To demonstrate the effectiveness of CaFew, we compare the clustering performance before and after it is applied to different clustering methods, including traditional clustering algorithms and several high-performance clustering algorithms proposed specifically for scRNA-seq data.

Results of traditional clustering algorithms

We consider five traditional clustering algorithms, including k-means [40], PAM [41], DBSCAN [24], Hierarchical Clustering [42] and Gaussian mixture models [43]. After feature selection, these algorithms are applied to clustering the 8 datasets. Performance results are shown in Fig. 1.

Fig. 1
figure 1

Results of 5 traditional clustering algorithms on 8 scRNA-seq datasets before (Genes-all) and after (Genes-CaFew) feature selection

As shown in Fig. 1, most methods can get improved accuracy on some scRNA-seq datasets after using CaFew to select genes.

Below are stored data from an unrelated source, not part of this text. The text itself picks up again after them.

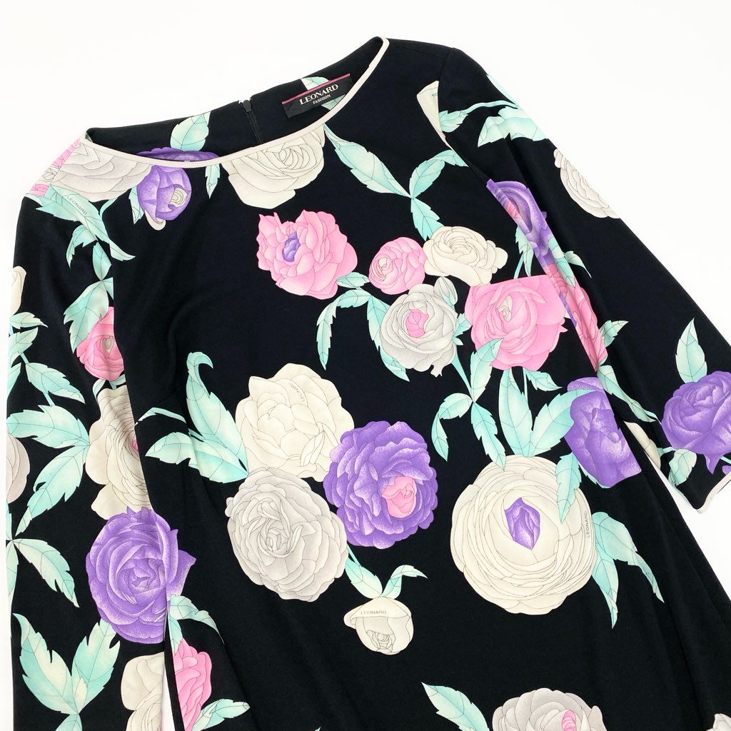 深みのあるブラックベースに、ローズモチーフのフラワープリントが映えるLEONARDのワンピースです。ピンク・パープル・アイボリーの配色が華やかで、上品な存在感を演出します。なめらかで落ち感のある素材感に、袖口と裾のパイピングがさりげないアクセント。1枚でコーディネートが完成し、食事会やお出かけ、きれいめなシーンにおすすめの一着です。
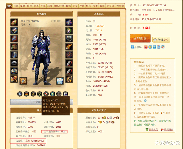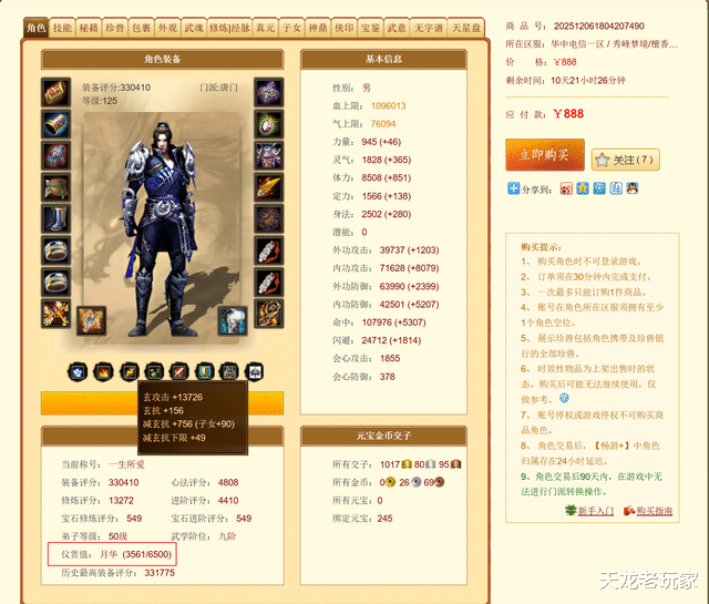 第一个是评分最高也是最贵的,33万评分888元,玄唐门,主要特色就是宝石上的比较齐,面板也有点优势,有件水墨京华时装,但是问题是玄唐门,而且号本身也没什么特色。
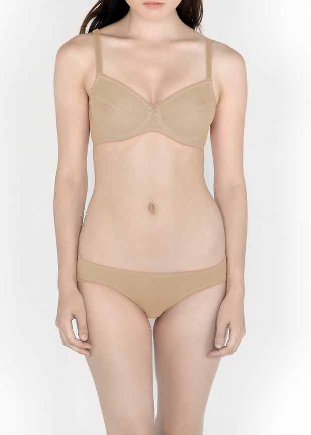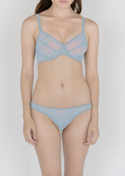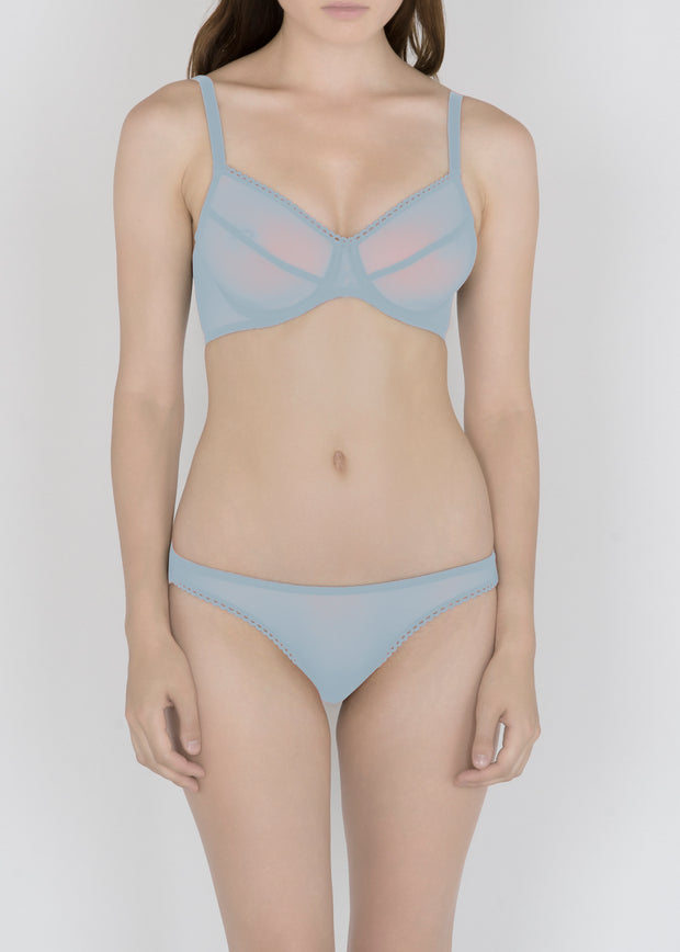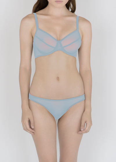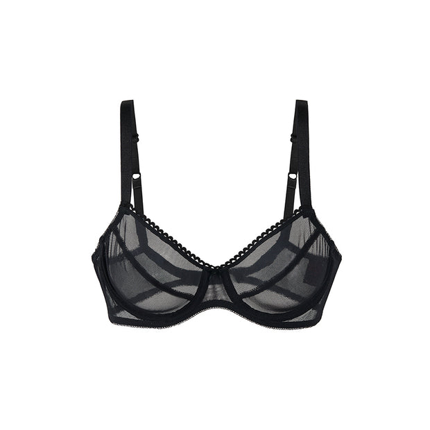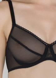 The Sheer French Tulle underwire bra is a classic silhouette that supports and contours the bustline with an unexpected lightness and is ideal for everyday wear. The décolleté is trimmed with a French scalloped edge and cups are lined with an inner side panel.
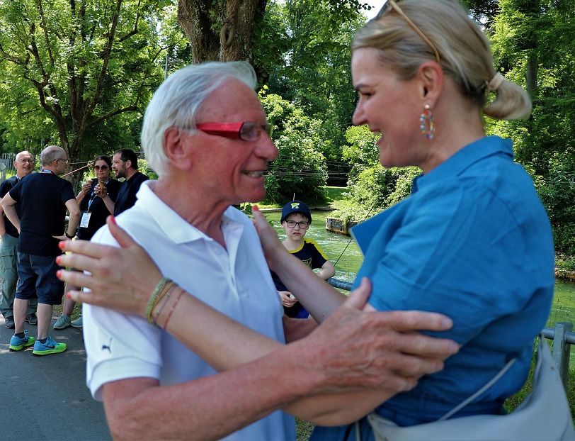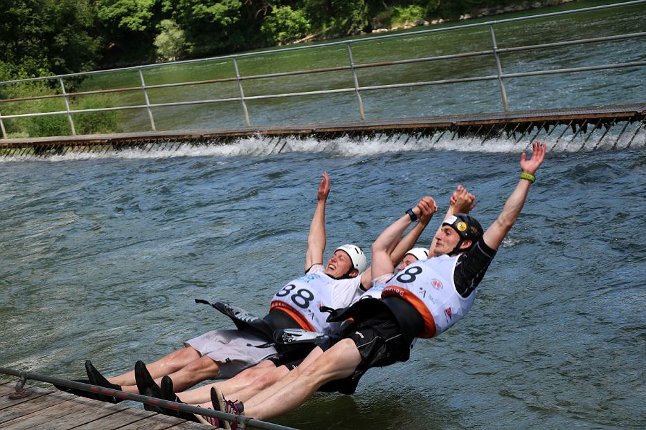 Bild: K-H Englet, Eva WeberDas Publikum freute sich, ihre Oberbürgermeisterin so hautnah zu erleben, aber allzu lange konnte sie nicht bleiben, denn nach ihrem Urlaub standen weitere Termine auf ihrem Zeitplan. Unsere K 1 Damen Starterin Sabine Füsser war glücklich über ihre Fahrzeit von 68,91 Sekunden (Start an der Brücke beim ehemaligen Wettkampfturm bis hinunter ins Ziel) die anderen Starterinnen könnten ihre Töchter sein und sie als 48-Jährige belegte den 5. Platz im stark besetzten WM Finale. Wie ging es unseren Kanu Schwaben Wildwasser Sprintsportlerinnen und Sportlern? Sabrina Barm war dies noch nie passiert, hinter der Bogenbrücke einen Dreher zu bekommen, aber bei der Sprint WM ist dies geschehen, dadurch verpasste sie den Sprung in das WM Finale bei den C 1 Damen. Aber es blieb ja noch das Canadier Zweier Team - Sabrina Barm mit ihrer Teamkollegin Constanze Feine fuhren mit 73,87 Sekunden den Olympiakanal hinunter, 1,88 Sekunden trennten sie von den Erstplatzierten, aber es wurde am Ende der vierte Platz, schade, so knapp schrammten sie an der Bronzemedaille vorbei, aber das C 2 Herren Boot mit Normen Weber und Tim Heilinger waren nur 1,50 Sekunden vom Erstplatzierten entfernt und fuhren sich mit diesem Abstand auf den fünften Platz. Ganz schön eng geht es auch in dieser Sportart zu. Bild: Deutsches K-Team im Glück In den Teamwettbewerben holte Normen Weber mit Tim Heilinger und Ole Schwarz dafür die Goldmedaille, die deutschen K 1 Herren fuhren sich auf Platz zwei und holten Silber. Bild: Temwettbewerb Ein versöhnlicher Abschluss und nach den Siegerehrungen wurde die ICF Wildwasser Weltmeisterschaft offiziell durch Chair Manuela Gawehn für beendet erklärt und die ICF Bild: Normen Weber
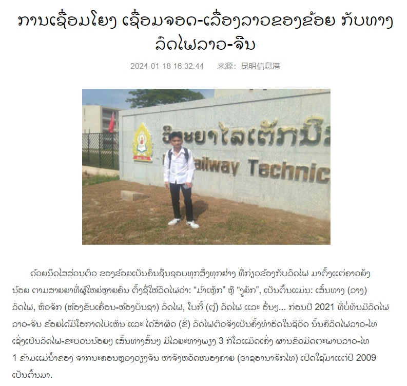 編者按: 在中老鐵路開通兩周年之際,昆明信息港“薩拜迪”中老雙語站點(diǎn)和彩龍社區(qū)共同發(fā)起了“互聯(lián)互通 命運(yùn)與共——‘我與中老鐵路的故事’”征文活動(dòng),邀請(qǐng)廣大市民、全國和海內(nèi)外朋友共同參與,分享自己與中老鐵路的故事,書寫中老友誼之路的美好篇章,為兩國友好關(guān)系添磚加瓦,共同構(gòu)筑更加美好的未來!昆明信息港將從網(wǎng)友投稿中挑選優(yōu)秀作品進(jìn)行選登。

Concretely, take dataset GSE59892 for example, four algorithms (k-means, PAM, Hierarchical Clustering and GMM) maintain their clustering accuracy after feature selection, while DBSCAN is improved. Especially, all methods’ clustering accuracy is significantly improved on two datasets: GSE36552 and E-MTAB-2600. The reason is that CaFew is able to remove some noise genes. However, some methods get degraded clustering accuracy on some datasets after feature selection. This is because that some datasets own relatively complex cluster structures, and the traditional clustering algorithms cannot capture these structures when only hundreds of features are used.

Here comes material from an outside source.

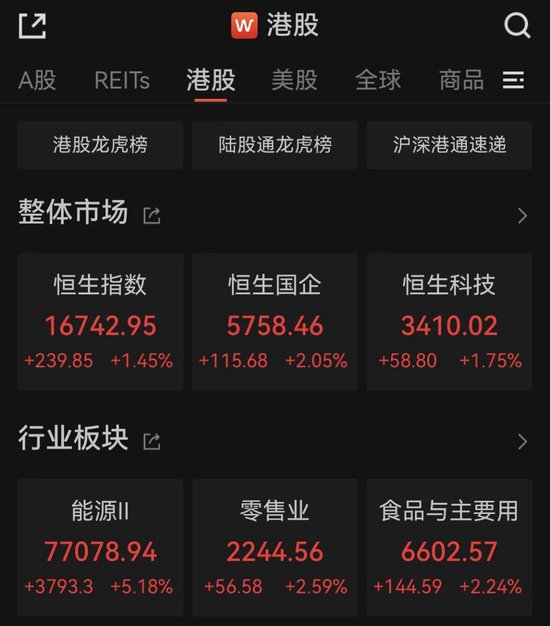2月22日,港股三大指数午后拉升。截至收盘,恒生指数上涨1.45%;恒生国企指数上涨2.05%;恒生科技指数上涨1.75%。
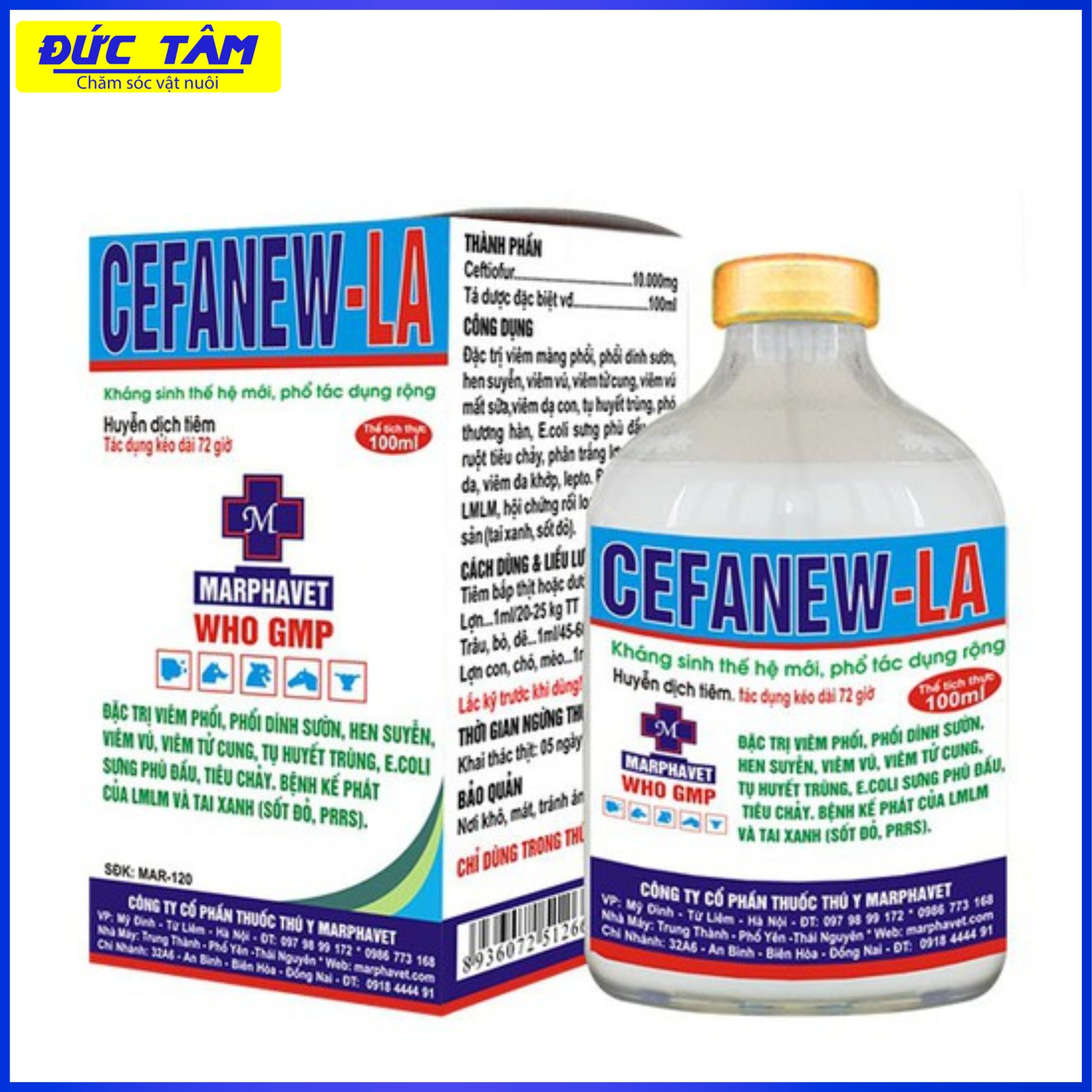 Đặc trị viêm màng phổi, phổi dính sườn, hen suyễn viêm vú, viêm tử cung MMA,viêm dạ con, Tụ huyết trùng, Phó thương hàn, E.coli sưng phù đầu, viêm ruột tiêu chảy, Phân trắng lợn con, viêm da, viêm đa khớp, Nhiễm trùng huyết, kế phát do LMLM, kế phát của hội chứng rối loạn hô hấp và sinh sản (tai xanh, sốt đỏ, prrs)… Các vi khuẩn Gram (+) và Gram (-) nhạy cảm với Ceftiofur.

Results of clustering methods specifically for scRNA-seq data

Based on the previous comparative studies on clustering algorithms for scRNA-seq data [44, 45], we choose several representative methods to test the performance of CaFew. Since SC3 and Seurat achieve the state of the art clustering performance, we mainly test the effect of CaFew on them, and we call them “CaFew+SC3” and “CaFew +Seurat” after using CaFew for gene selection. The results are presented in Fig. 2, where ARI values of different methods are represented by different color bars.

Fig. 2
figure 2

Results of clustering methods specifically for scRNA-seq data. The value in the parentheses following each method’s name in the legend is the average ARI

From Fig. 2, we can see that “CaFew+SC3” achieves better performance than other methods on most of the datasets. Its average ARI on the 8 datasets is 0.74, higher than that of the other methods. Concretely, SC3 gets an ARI of 0.94 on dataset GSE59892, while “CaFew+SC3” improves the ARI to 1. For the dataset GSE36552,“CaFew+SC3” performs best with an ARI of 0.89, which is higher than the AIR (0.64) of SC3 and the other six methods. Moreover, the dataset with the largest improvement on clustering accuracy is E-MTAB-2600, and the AIR is improved from 0.15 to 0.72. In general, except for GSE60361, the clustering accuracy of “CaFew+SC3” on the other datasets is better than that of SC3.

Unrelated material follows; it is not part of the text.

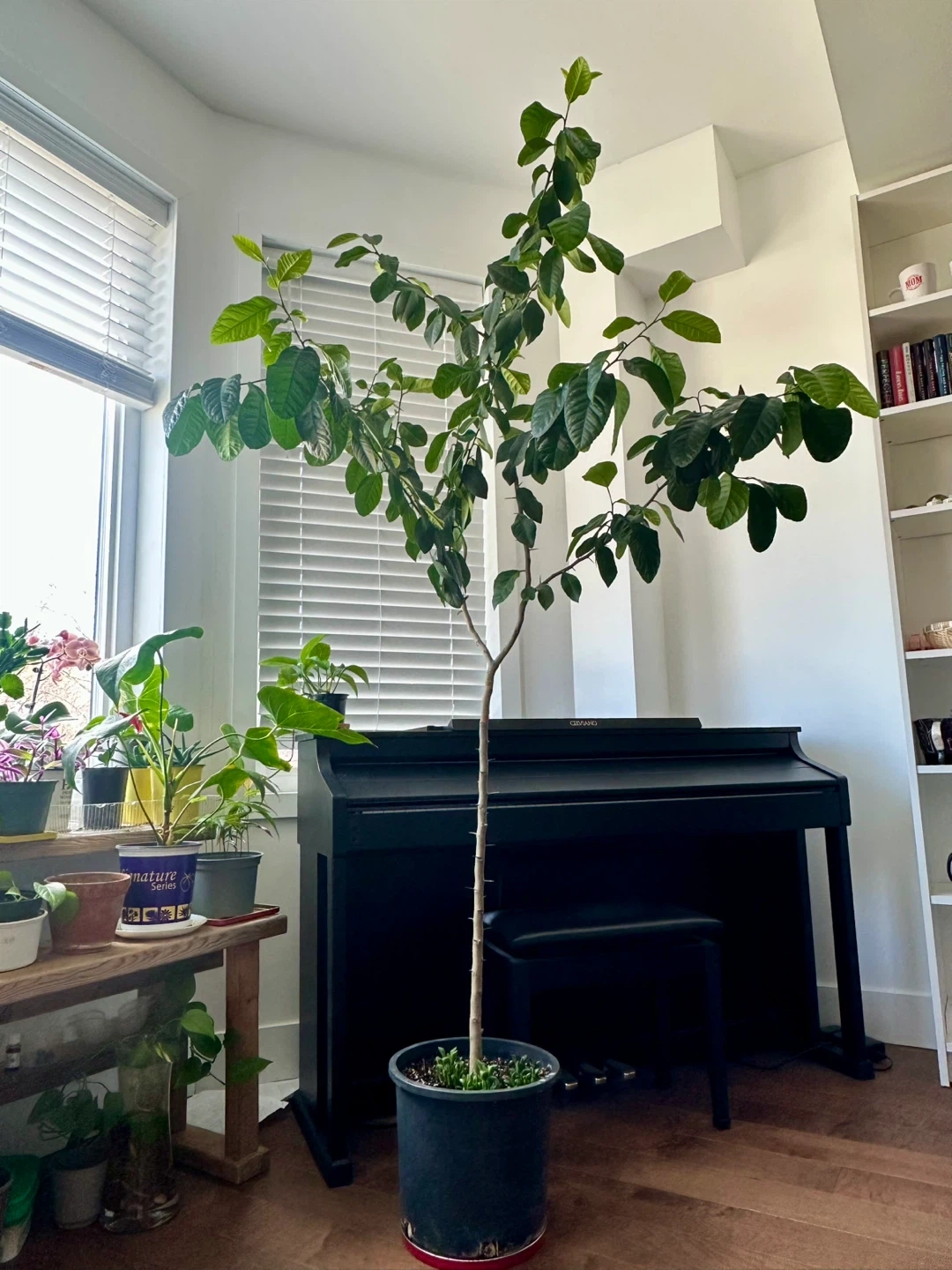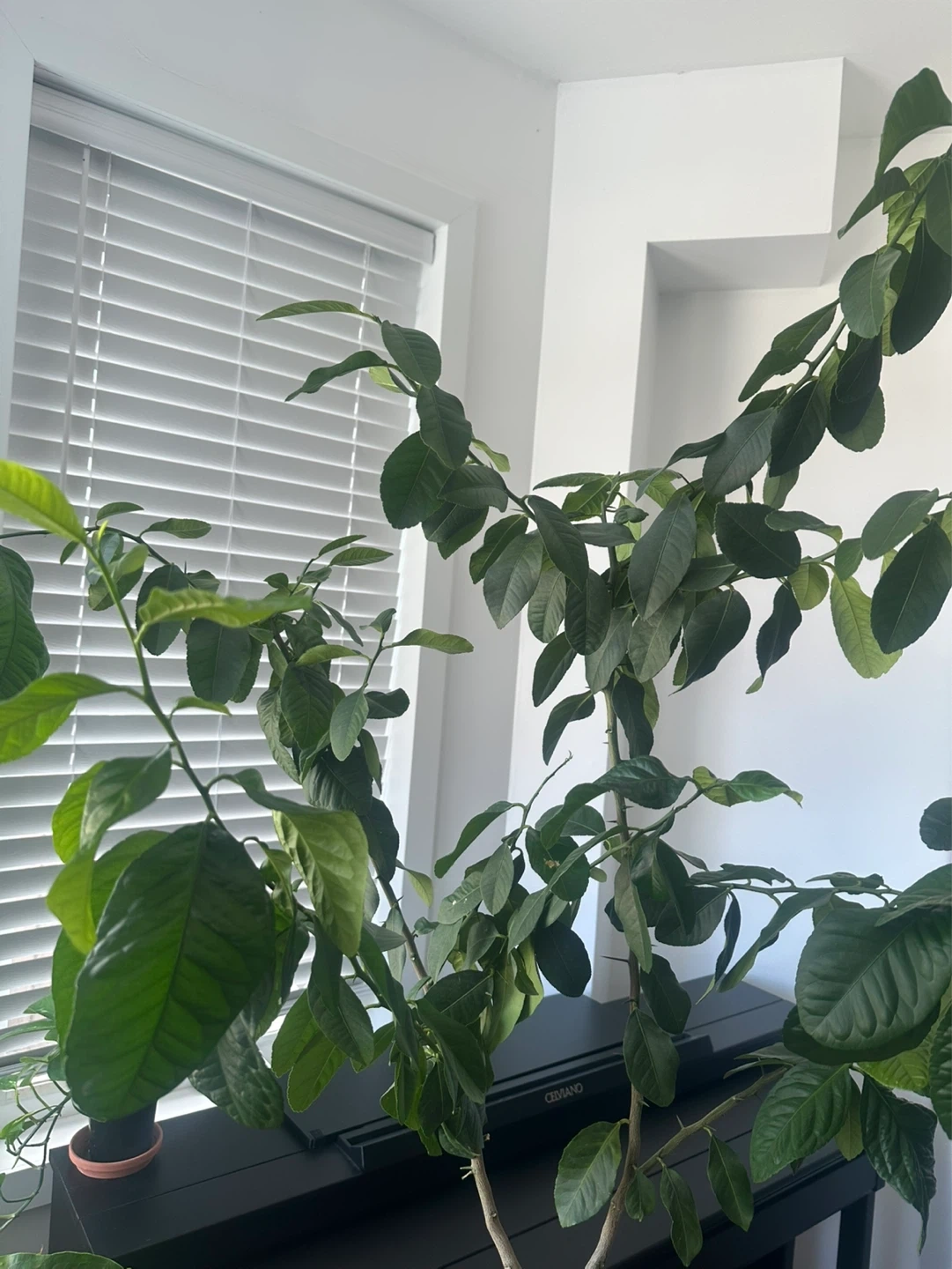 A healthy, leafy potted lemon tree plant in a 12 inch black planter. I have planted this tree from seeds for more than three years. It stands about 210 cm tall and has a sturdy trunk. This plant would add a nice touch of green to any indoor space!

As for “CaFew +Seurat”, its clustering accuracy on three scRNA-seq datasets is the same as that of Seurat, gets higher ARI values on four datasets and a lower ARI on only one dataset. We notice that the improvement on ARI for Seurat is not as significant as that for SC3, this is because that CaFew adopts a distance based clustering mechanism like k-means, so it is more beneficial to distance-based clustering methods such as SC3.

Visualization

Here we investigate whether CaFew can help with visualization. In our experiments, we adopt t-SNE [46] and UMAP [47] for scRNA-seq data visualization. Figure 3 displays the visualization results of four datasets before and after feature selection. Here, points of similar color belong to the same cluster.

Fig. 3
figure 3

Two-dim visualization results of 4 scRNA-seq datasets before (Genes-all) and after (Genes-CaFew) feature selection. a t-SNE visualization, b UMAP visualization

From Fig. 3, we can see that after selecting genes by CaFew, both t-SNE and UMAP can separate different clusters more apart, while making cells from the same cluster closer. This shows that CaFew is beneficial to clustering.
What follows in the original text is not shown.